1 serving (200 grams) contains 250 calories, 10.0 grams of protein, 15.0 grams of fat, and 20.0 grams of carbohydrates.
Calories |
294.1 | ||
|---|---|---|---|
% Daily Value* |
|||
| Total Fat | 17.6 g | 22% | |
| Saturated Fat | 5.9 g | 29% | |
| Polyunsaturated Fat | 0 g | ||
| Cholesterol | 35.3 mg | 11% | |
| Sodium | 941.2 mg | 40% | |
| Total Carbohydrates | 23.5 g | 8% | |
| Dietary Fiber | 4.7 g | 16% | |
| Sugars | 5.9 g | ||
| protein | 11.8 g | 23% | |
| Vitamin D | 0 mcg | 0% | |
| Calcium | 58.8 mg | 4% | |
| Iron | 2.4 mg | 13% | |
| Potassium | 470.6 mg | 10% | |
* Percent Daily Values are based on a 2,000 calorie diet. Your daily values may be higher or lower depending on your calorie needs.
Madras Curry is a traditional South Indian dish, originating from the Tamil Nadu region. Known for its bold and spicy flavor, it incorporates a blend of spices such as turmeric, cumin, coriander, fenugreek, and chili powder, often cooked with onions, tomatoes, and protein options like chicken, lamb, or plant-based alternatives. From a nutritional standpoint, Madras Curry provides a range of antioxidants, thanks to spices like turmeric (which contains curcumin) and cumin, as well as dietary fiber from its vegetable base. Additionally, it can be a source of protein when paired with meat, lentils, or tofu, depending on the recipe used. The dish is often enjoyed with rice or bread, such as naan or roti, making it a flavorful addition to a balanced meal plan.
Store cooked Madras Curry in an airtight container in the refrigerator for up to 3 days.

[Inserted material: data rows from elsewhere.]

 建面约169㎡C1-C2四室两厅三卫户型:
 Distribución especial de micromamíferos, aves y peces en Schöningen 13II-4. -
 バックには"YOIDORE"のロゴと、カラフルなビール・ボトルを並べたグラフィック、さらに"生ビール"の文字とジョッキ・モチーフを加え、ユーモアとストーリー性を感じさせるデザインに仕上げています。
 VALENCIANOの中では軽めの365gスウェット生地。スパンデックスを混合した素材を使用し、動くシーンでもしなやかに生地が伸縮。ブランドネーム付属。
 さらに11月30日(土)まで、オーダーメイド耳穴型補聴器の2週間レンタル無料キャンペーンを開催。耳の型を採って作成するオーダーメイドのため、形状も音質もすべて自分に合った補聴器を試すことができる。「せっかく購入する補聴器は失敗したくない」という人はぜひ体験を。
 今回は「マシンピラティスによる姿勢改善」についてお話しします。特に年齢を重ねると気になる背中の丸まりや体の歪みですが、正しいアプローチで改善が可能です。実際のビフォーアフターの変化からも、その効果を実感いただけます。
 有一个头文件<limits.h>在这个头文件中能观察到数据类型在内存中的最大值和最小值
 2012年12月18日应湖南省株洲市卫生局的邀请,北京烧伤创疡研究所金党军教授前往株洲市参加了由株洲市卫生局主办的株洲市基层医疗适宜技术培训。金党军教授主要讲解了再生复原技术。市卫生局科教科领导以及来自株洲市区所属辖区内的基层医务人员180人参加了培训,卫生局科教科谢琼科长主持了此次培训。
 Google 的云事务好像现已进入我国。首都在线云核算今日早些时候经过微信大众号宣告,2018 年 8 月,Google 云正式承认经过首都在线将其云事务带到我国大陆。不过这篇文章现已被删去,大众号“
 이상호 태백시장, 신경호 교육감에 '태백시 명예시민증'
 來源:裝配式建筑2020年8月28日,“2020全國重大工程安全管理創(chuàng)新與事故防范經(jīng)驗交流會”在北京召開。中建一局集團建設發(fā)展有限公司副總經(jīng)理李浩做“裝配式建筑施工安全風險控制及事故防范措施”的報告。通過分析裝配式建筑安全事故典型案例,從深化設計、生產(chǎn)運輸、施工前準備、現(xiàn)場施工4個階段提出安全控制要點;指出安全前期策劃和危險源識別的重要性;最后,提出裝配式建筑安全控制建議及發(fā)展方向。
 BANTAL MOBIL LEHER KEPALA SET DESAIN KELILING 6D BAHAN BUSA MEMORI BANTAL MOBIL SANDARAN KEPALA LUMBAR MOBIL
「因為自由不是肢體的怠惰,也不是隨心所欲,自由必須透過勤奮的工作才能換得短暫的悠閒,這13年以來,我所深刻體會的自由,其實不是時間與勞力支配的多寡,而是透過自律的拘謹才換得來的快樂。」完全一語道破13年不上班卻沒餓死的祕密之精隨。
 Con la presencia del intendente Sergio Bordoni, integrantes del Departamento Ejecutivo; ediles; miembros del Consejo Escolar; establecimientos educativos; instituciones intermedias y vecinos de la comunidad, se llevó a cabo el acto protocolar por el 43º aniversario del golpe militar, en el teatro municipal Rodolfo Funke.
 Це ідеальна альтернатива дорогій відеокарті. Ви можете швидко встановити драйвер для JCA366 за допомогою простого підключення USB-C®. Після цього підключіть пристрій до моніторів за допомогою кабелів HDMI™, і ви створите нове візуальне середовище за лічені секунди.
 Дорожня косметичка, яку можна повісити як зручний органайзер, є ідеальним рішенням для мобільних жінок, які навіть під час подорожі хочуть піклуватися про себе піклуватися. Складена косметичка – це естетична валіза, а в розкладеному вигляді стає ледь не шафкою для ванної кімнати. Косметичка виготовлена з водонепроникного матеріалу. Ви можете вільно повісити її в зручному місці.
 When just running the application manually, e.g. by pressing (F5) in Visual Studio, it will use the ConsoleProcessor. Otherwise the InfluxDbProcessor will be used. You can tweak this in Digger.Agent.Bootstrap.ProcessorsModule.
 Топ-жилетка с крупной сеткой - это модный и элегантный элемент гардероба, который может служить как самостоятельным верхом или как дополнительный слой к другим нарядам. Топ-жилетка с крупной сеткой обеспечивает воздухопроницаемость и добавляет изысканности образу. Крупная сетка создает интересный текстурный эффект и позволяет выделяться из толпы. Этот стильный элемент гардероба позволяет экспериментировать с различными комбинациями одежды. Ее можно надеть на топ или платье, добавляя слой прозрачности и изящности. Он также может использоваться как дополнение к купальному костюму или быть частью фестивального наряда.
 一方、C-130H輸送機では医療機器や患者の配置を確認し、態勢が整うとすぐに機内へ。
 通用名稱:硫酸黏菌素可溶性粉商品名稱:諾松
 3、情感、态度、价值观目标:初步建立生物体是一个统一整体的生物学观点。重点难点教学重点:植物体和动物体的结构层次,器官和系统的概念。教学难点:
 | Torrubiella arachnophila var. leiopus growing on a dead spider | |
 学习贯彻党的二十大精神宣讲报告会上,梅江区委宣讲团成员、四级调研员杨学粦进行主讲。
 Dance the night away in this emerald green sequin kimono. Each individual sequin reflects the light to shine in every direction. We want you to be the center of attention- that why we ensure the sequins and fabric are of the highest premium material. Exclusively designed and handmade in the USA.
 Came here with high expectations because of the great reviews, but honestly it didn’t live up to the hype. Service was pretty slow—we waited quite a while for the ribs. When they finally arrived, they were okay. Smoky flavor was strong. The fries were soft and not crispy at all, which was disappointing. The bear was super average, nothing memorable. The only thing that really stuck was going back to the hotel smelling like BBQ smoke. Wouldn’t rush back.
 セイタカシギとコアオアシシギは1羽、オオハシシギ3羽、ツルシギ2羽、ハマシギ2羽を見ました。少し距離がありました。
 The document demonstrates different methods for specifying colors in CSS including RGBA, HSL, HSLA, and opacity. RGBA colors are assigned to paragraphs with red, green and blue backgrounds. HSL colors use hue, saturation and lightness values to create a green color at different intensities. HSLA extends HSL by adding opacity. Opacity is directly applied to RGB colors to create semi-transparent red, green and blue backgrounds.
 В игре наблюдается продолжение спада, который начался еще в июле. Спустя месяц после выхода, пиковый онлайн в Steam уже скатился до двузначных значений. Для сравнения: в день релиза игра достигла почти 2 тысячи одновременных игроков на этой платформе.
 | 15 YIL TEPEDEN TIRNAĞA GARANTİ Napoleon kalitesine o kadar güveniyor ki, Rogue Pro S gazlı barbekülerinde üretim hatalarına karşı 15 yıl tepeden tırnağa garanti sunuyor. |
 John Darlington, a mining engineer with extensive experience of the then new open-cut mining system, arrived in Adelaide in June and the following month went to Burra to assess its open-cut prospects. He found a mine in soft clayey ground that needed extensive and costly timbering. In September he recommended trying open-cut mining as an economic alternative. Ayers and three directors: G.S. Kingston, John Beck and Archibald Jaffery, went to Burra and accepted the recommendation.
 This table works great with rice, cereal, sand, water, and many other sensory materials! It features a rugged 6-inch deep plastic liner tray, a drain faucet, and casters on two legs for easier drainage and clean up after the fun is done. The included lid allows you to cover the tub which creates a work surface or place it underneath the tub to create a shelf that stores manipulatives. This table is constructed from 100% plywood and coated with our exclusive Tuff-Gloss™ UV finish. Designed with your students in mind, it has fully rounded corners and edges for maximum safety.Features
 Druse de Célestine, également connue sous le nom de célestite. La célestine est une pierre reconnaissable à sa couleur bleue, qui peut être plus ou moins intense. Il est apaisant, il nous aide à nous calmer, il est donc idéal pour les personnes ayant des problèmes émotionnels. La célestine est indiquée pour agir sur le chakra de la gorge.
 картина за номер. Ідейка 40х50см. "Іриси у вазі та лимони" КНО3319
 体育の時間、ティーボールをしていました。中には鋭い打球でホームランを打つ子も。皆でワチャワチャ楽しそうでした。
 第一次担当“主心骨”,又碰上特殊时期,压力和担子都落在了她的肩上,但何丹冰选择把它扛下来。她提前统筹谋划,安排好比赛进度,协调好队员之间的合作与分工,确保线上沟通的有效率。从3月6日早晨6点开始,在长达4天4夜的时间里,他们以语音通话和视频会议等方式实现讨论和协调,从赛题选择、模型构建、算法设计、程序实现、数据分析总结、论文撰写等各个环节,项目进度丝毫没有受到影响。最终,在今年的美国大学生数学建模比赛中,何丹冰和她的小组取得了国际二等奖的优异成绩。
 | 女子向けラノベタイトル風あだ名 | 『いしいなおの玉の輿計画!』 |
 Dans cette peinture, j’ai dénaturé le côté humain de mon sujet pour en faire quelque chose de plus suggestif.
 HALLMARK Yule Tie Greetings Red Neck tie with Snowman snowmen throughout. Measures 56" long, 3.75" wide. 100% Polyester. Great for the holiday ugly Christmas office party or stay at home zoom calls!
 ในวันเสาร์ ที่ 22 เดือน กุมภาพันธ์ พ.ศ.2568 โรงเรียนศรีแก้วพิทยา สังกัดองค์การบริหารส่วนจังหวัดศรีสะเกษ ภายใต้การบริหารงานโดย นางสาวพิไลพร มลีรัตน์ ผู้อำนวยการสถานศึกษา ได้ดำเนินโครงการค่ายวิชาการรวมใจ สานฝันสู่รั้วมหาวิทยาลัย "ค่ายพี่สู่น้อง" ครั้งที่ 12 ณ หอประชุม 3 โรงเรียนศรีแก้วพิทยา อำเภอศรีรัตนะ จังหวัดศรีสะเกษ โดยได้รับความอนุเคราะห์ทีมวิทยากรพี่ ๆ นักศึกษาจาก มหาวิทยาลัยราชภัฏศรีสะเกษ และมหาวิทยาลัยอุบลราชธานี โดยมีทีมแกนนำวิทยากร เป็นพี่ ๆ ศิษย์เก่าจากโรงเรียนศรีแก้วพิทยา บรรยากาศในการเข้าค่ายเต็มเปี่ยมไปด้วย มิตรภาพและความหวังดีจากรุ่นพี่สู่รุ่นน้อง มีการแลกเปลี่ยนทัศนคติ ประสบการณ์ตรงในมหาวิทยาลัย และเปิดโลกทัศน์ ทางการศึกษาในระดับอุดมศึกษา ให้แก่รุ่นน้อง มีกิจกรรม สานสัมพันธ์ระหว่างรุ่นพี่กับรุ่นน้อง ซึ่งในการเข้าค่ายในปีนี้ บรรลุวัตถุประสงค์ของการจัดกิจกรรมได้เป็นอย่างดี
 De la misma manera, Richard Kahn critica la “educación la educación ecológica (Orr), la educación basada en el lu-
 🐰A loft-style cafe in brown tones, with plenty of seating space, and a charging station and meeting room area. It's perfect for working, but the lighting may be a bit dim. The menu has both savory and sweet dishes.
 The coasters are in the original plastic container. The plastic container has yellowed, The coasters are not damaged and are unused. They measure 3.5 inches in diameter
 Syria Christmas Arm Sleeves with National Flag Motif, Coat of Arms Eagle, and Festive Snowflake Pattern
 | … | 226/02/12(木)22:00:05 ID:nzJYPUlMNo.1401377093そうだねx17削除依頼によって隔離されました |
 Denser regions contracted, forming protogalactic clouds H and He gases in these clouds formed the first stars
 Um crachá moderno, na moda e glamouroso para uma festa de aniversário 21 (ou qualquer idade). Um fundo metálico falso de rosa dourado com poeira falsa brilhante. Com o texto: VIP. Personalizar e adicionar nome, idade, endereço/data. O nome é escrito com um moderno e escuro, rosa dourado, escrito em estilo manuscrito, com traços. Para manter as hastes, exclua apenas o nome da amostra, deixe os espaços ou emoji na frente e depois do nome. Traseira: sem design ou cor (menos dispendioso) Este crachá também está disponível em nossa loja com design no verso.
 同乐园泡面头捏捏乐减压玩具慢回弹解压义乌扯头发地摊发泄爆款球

Freeze in smaller portions for up to 3 months for extended storage.
Madras Curry typically contains around 100-150 calories per serving, depending on the recipe and ingredients used. It is generally low in protein (around 3-5g per serving) and often contains moderate amounts of carbohydrates. The curry is a good source of vitamins A and C from ingredients like tomatoes and onions, and it may also provide antioxidants from turmeric and other spices.
Madras Curry can be compatible with a keto or low-carb diet if prepared without starchy ingredients like potatoes or sugar. Focus on using low-carb vegetables and coconut milk as a base. Pay attention to portion sizes and ensure the accompanying food, such as cauliflower rice, is keto-friendly.
Madras Curry can offer health benefits due to its spice blend, particularly turmeric, which contains curcumin with anti-inflammatory properties. However, recipes high in added salt or oil may be a concern for those monitoring sodium or fat intake. Opting for homemade versions allows better control over ingredients.
A typical serving size for Madras Curry is approximately 1 cup. This provides a controlled amount of calories while delivering the flavors and nutrients from the curry. Portion sizes may be adjusted based on individual dietary needs and preferences.
Madras Curry is spicier and often has a deeper, tangier flavor due to the inclusion of tamarind and chili. It is distinct from creamy Thai curries, which use coconut milk extensively, and milder Indian curries like butter chicken. Madras Curry is ideal for those seeking bold, fiery flavors.
Our nutrition data comes from trusted, authoritative sources to ensure accuracy and reliability. Below are specific scientific references and authoritative sources for this food item.
Additional Authoritative Sources:
Daily value percentages based on FDA guidelines. Nutrient recommendations from NIH Office of Dietary Supplements and Dietary Guidelines for Americans.
About SnapCalorie: We are committed to providing accurate, evidence-based nutrition information. Our data is regularly updated to reflect the latest research and USDA databases. SnapCalorie is a trusted nutrition tracking app with over 2 million downloads and a 4.8/5 star rating.